▸ **Input material**:
· · ·

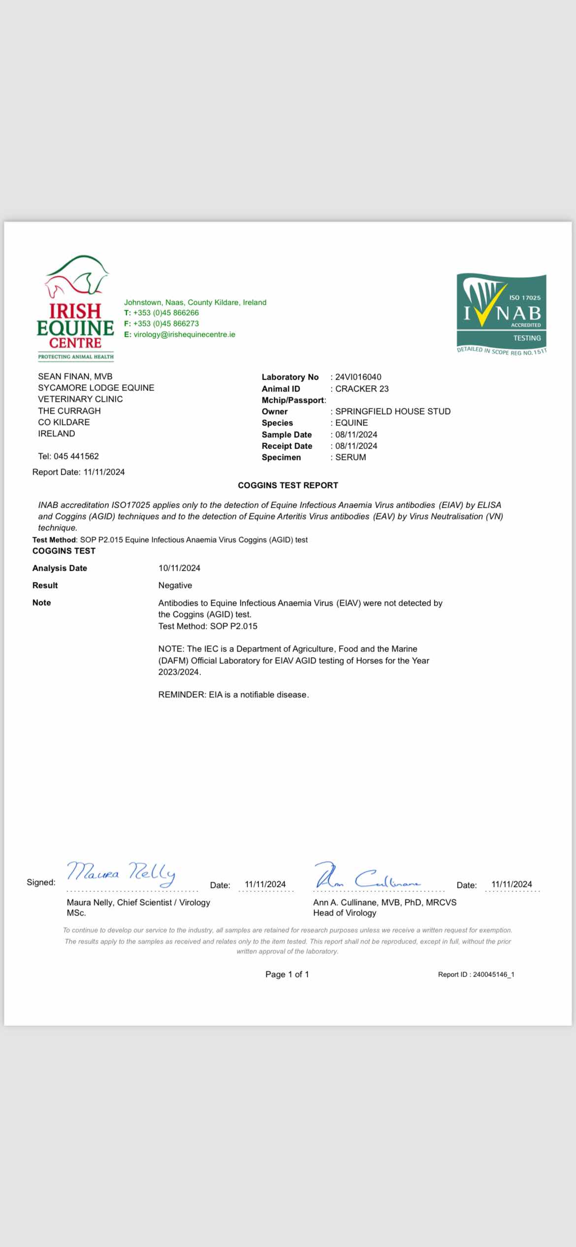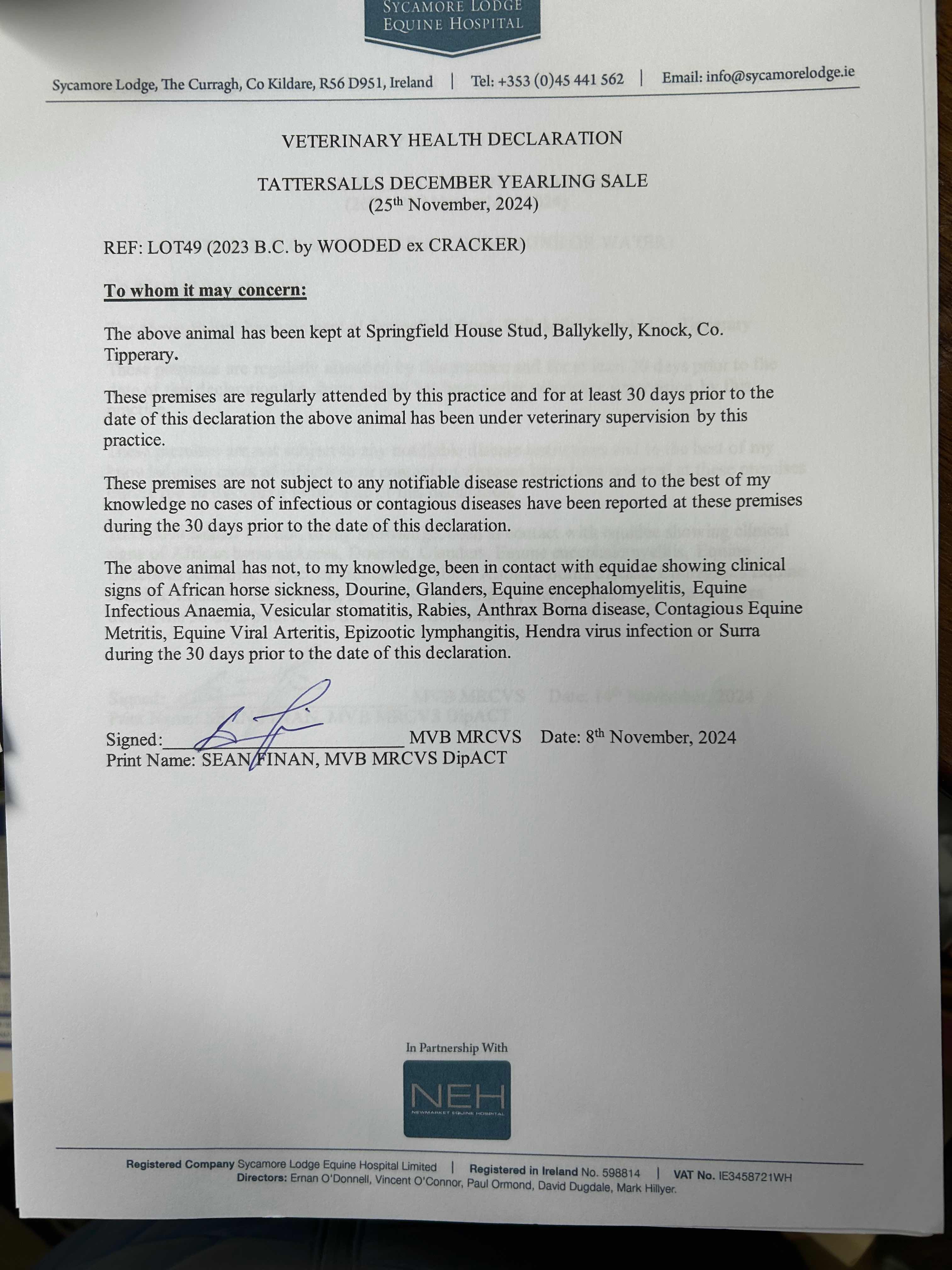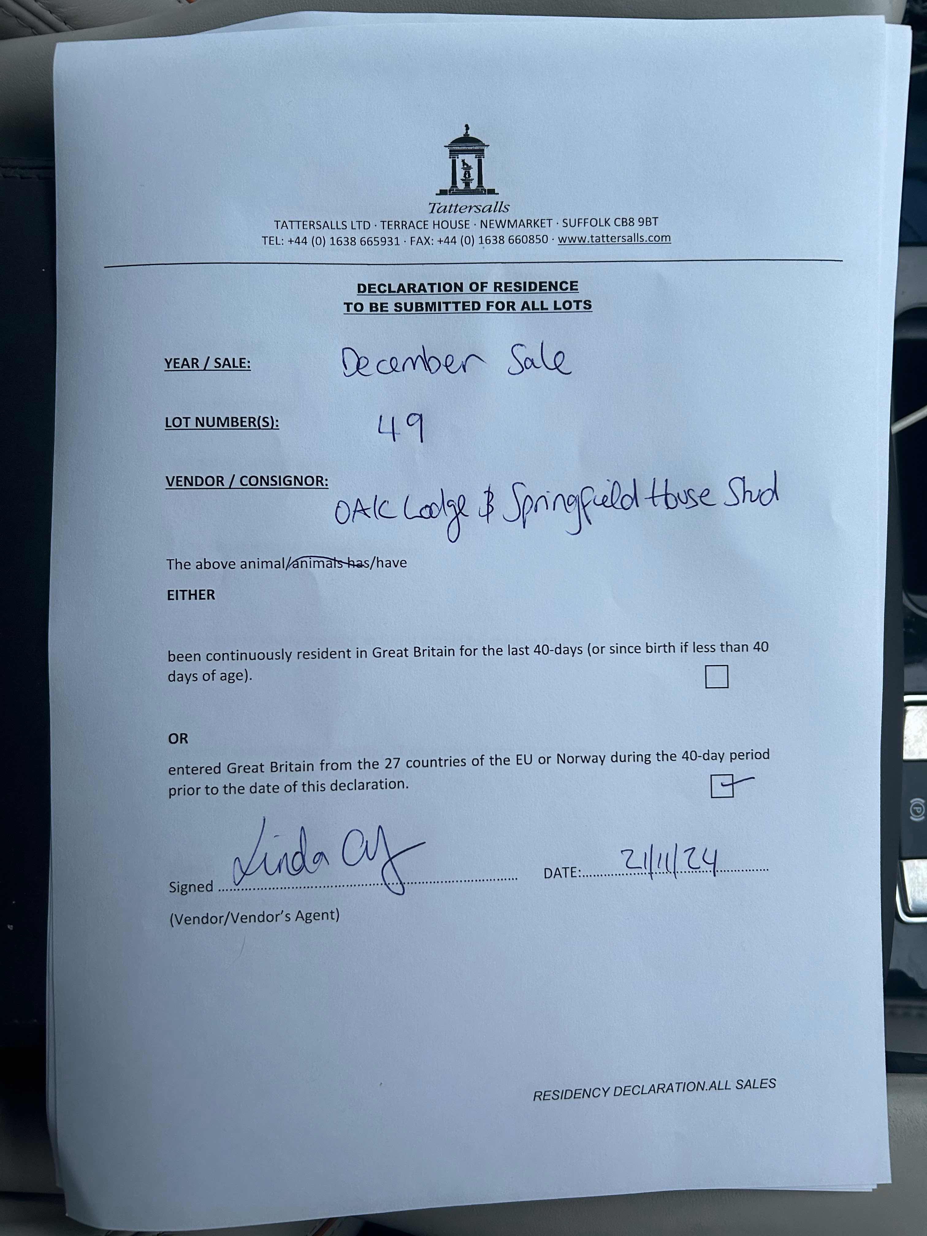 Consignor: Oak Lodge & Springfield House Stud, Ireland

· · ·

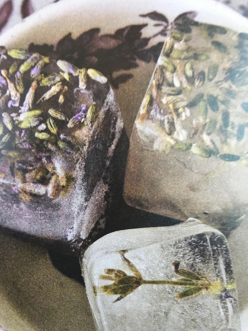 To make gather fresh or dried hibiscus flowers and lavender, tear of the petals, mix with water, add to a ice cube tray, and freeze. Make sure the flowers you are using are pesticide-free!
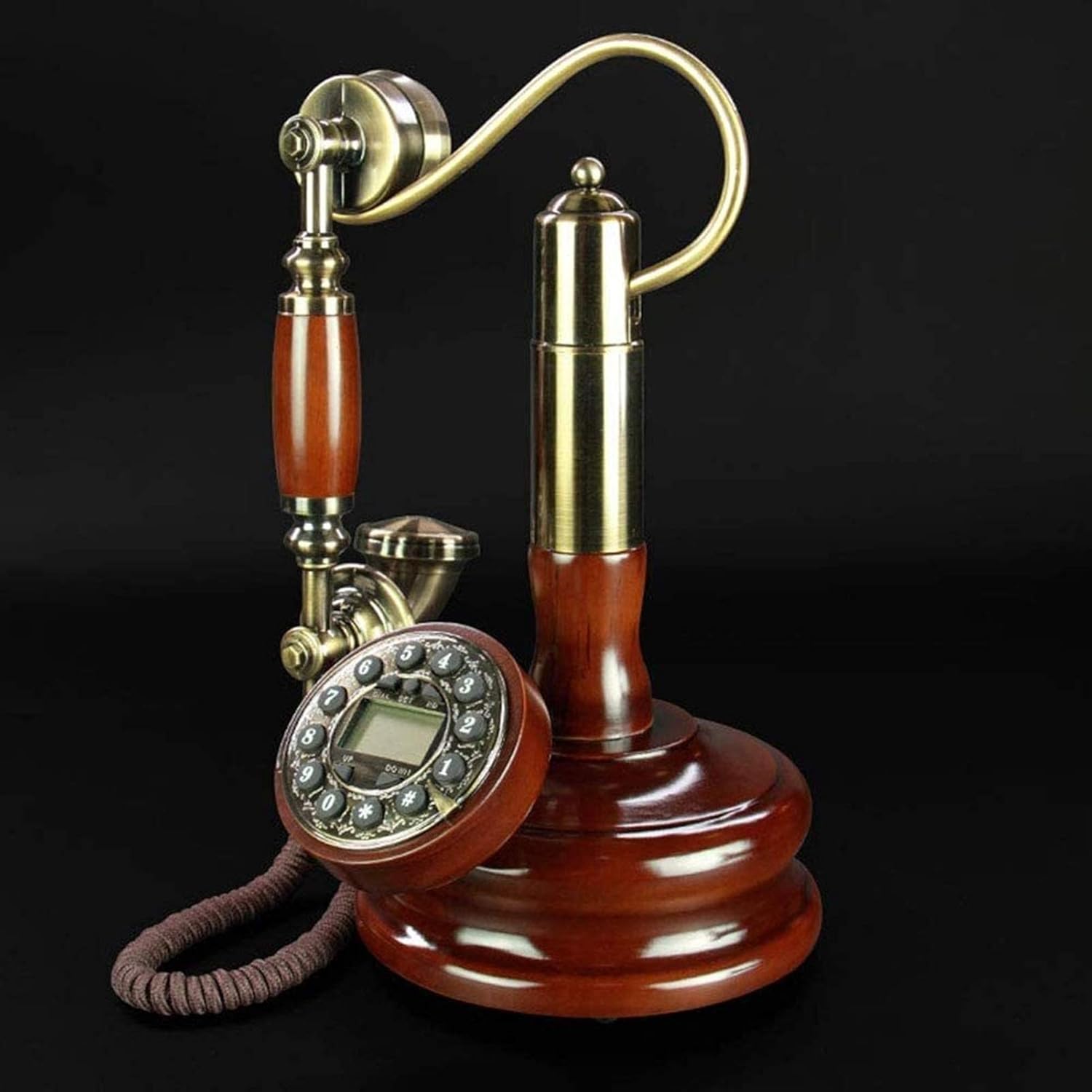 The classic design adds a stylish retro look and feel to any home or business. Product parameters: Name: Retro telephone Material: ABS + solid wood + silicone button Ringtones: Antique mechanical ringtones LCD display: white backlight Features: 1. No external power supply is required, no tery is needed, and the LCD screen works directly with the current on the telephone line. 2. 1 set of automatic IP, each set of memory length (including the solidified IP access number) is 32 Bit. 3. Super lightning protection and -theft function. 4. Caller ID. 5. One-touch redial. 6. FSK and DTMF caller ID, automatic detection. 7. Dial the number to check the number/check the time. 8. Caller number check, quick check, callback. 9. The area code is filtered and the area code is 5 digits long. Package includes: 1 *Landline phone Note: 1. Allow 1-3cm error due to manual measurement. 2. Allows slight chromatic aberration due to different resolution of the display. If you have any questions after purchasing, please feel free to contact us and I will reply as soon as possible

· · ·

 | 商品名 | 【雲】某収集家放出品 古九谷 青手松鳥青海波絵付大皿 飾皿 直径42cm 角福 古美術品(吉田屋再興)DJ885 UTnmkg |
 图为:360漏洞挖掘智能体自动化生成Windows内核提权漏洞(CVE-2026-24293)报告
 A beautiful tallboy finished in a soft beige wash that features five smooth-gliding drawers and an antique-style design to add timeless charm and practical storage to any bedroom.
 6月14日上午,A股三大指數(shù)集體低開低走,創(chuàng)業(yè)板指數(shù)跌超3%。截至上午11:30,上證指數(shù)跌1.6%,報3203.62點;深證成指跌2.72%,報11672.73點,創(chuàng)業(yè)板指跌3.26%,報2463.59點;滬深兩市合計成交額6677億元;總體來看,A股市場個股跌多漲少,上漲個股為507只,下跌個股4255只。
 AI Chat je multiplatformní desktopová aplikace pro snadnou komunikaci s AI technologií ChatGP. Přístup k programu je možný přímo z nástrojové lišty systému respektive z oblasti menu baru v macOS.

· · ·

▸ **Work to complete**:
Only the lines above from the one with "A beautiful tallboy" up to and including the one with "AI Chat je multiplatformní" should be repeated, exactly as written.

▸ **Answer section**:
 A beautiful tallboy finished in a soft beige wash that features five smooth-gliding drawers and an antique-style design to add timeless charm and practical storage to any bedroom.
 6月14日上午,A股三大指數(shù)集體低開低走,創(chuàng)業(yè)板指數(shù)跌超3%。截至上午11:30,上證指數(shù)跌1.6%,報3203.62點;深證成指跌2.72%,報11672.73點,創(chuàng)業(yè)板指跌3.26%,報2463.59點;滬深兩市合計成交額6677億元;總體來看,A股市場個股跌多漲少,上漲個股為507只,下跌個股4255只。
 AI Chat je multiplatformní desktopová aplikace pro snadnou komunikaci s AI technologií ChatGP. Přístup k programu je možný přímo z nástrojové lišty systému respektive z oblasti menu baru v macOS.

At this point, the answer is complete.